2Avec un certain enthousiasme, Volle nous annonce ainsi des lendemains encourageants, pourvu que soit reconnue dans nos pays la valeur sociale de l’initiative et de la prise de risque et que l’intelligence rationnelle se mobilise pour rendre à la main-d’œuvre l’intelligence que la société taylorienne lui aurait déniée depuis l’âge d’or de l’industrie. L’ouvrage annonce donc une renaissance par l’intelligence, renaissance symbolisée par ce cerveau d’œuvre qui deviendrait la force productive et l’avantage compétitif d’une « nouvelle société » relayant l’époque industrielle antérieure.
3S’appuyant sur des analyses historiques et notamment sur Bertrand Gille, Volle brosse dès lors un tableau prospectif optimiste : les possibilités ouvertes par les technologies de l’information et de la communication, affirme-t-il, sont immenses ; dans un élan quasi messianique, il prolonge le diagnostic de Saint-Étienne en 2013 (chapitre 9 : « Tour d’horizon ») et propose six principes économiques pour tendre vers le bien-être matériel et sept principes proprement iconomiques qui tireraient parti d’un système technologique dont, dit-il, nous avons jusqu’à présent mal exploité le potentiel, bloqués comme nous le sommes encore par une vision industrialiste reçue en héritage des générations précédentes. En synthèse, si notre cerveau relayait vraiment notre main pour concevoir et pour conduire la production, nous trouverions les gains de productivité qui nous manquent pour retrouver la croissance que nous avons perdue depuis la fin des « trente glorieuses », si chères à Jean Fourastié.
- 1 Outre Les trente glorieuses (Fayard, 1979), célébrées par la réédition commentée par Daniel Cohen e (...)

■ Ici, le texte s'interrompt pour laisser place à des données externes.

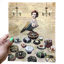 High quality print of a fifties-style harpy surrounded by a cacophony of handmade foods.

4On trouve donc, dans cet ouvrage, des réminiscences bien digérées, mais parfois si elliptiques que le lecteur doit être vraiment bien renseigné pour interpréter des filiations intellectuelles qui s’imposent pourtant. Je viens d’évoquer une filiation évidente avec Fourastié, non cité par Volle mais dont les idées ont laissé chez lui des traces manifestes1. L’effet bénéfique du progrès technique sur le bien-être, cœur de l’œuvre de Fourastié, est ici utilement rappelé.
5Plusieurs passages (p. 29 et 154) rappellent aussi, chez Volle, la pensée économique des lumières : il se réfère surtout à Adam Smith, l’Écossais le plus prisé par les économistes depuis trois siècles. Mais il aurait aussi pu citer les Réflexions de Turgot (1766-1769), l’authentique inspirateur de Smith, penseur éclairé et, surtout, réformateur hardi et volontaire ; un personnage aujourd’hui trop délaissé par l’école française et dont la volonté et l’action politique allaient bien dans le sens que paraissent souhaiter Volle et Saint-Étienne aujourd’hui (Hoyng, 2014). À son propos, Condorcet cita, dans ses mémoires, cette appréciation du roi Louis XVI qui aurait pu séduire Volle : « Il n’y a que M. Turgot et moi qui aimons le peuple » ; un compliment que personne n’a, par contre, jamais adressé à l’Écossais qui vécut, lui, surtout des rentes versées tant par ses élèves que par les douanes écossaises qui le rémunérèrent grassement jusqu’à ses derniers jours, rentes économiquement nocives que Volle stigmatise justement.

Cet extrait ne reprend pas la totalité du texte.